Tuesday, February 28, 2006

The Rise and Fall of the American Republic Part. 1

Republics function under very similar restrictions to cells. Any given cell has a terminal limiting ratio: surface area to volume. What this means is that if the cell gets too big, if the volume increases past a certain point, the cell no longer has the necessary surface area needed to supply the cell's volume with the nutrients it needs to survive. This is metaphorically true for republics literally and figuratively. As Adam pointed out to me the other day, Rome had no capability to feed itself. The whole of North Africa was farmed into a desert over decades of effort trying to keep the republic supplied with bread. But this ratio has more pressing figurative implications.

The original colonies started the fight for independence over a simple notion, "no taxation without representation." This was perhaps not the singular impetus for the Revolutionary War, but it was the rhetoric that catalyzed the colonies into action. Republics are of the people. That's their shtick. And after the war we rose in power, having great resources both natural and theoretical from which the cell of our nation was born.

The current political state of our nation is that of a representative democracy,--those two words being loaded with meaning.
Democracy, because the founders recognized that the "right" of self governing arose from the people, and that there was no such thing as America without those people. Representative, because they understood that as a nation increases in size no one citizen can know enough to be informed adequately to vote in a meaningful way on every conceivable thing that a nation would face.

Here's the catch. Though there are some interesting parallels between Rome's dependence on imported wheat, and our dependence on imported oil, there is a larger issue at stake. Our republic has grown to such enormous girth and diversity that the notion of representative democracy is just that, a notion, it's no longer a reality. This has created an instability in our nation, having a system that was designed to work with limited population over limited geographical area. Now, this instability can be solved in one of two ways. Radical centralization or radical decentralization. Either the Federal government needs to have more power, or the states need to become the real seat of power.

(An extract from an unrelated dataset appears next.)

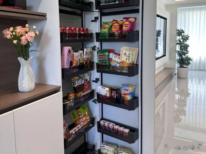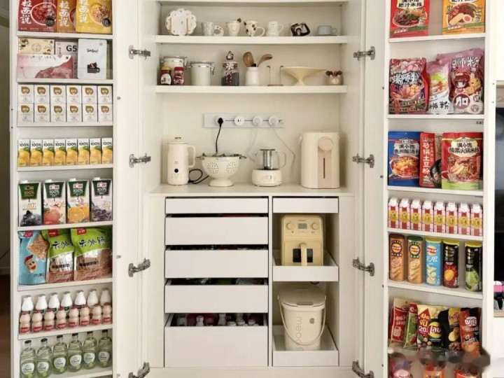 像许多柜子用好了,收纳清洁用品,保鲜膜,垃圾袋等小物品口角常通俗的。况兼是开门就可见,取用也口角常通俗,用起来很顺遂。

The current administation is trying desperately to centralize. But the situation that centralization creates is too similar to the original impetus the colonies used for war. Given the diversity and size of our nation centralization precludes representation.

Wednesday, February 08, 2006

Double click

If you could push a button and make it all go away: pollution, industrialization, atomic power, oil derricks, the moderinized world, would you? I had this conversation with a good friend a few months ago, we stumbled around trying to get to a conclusion that just didn't seem to be there. At the heart of this issue is the question--will we ever learn self control? If we learn that we are currently living the antithesis of a sustainable lifestyle, can we change?

But before we go on and try to tackle that question, I want to deal with the notion of sustainability. There are a lot of assumptions when it comes to sustainability. First of all, that life should be sustained. Second, that it is possible to sustain. And finally, that if life is worth sustaining, and that it is possible to sustain it that we could actually realize that possibility. I was attracted to sustainability precisely because I think life is a good thing. And the way we live, we are running out of life as fast as we can. But, here's the kicker--sustainability is an illusion. We know about entropy, we learn about it in highschool physics. The energy of an organized system always tends toward disorder. There is no sustainability with the physics we have,--there is however conservation. And because life is good, we have the responsibility to offer its gift to as many we can.

But back to the question of button pushing. My friend was ready to push the button. He was also a little upset at the conversation because it was a moot. We don't have a button,--short of nuclear armegedon. And as I have thought about that hypothetical button I've realized that I think we need to fail. We need it so desperately that I hope against hope that we do. As a civilization, a global civilization, we need to fail at this modern endeavor so that we don't repeat the same mistakes in the future. So that our children's children can learn self control before they get this apparently limitless power of modern technology. So that when we build up again, we can do it with an eye for the fragility of our little biosphere, and the dramatically limited resources that we actually have.

So in essence we do have a button we can push. Not to make this go away, but to make sure that when this comes again, we understand its mercurial nature and use its powers not to spend harder, but to live better.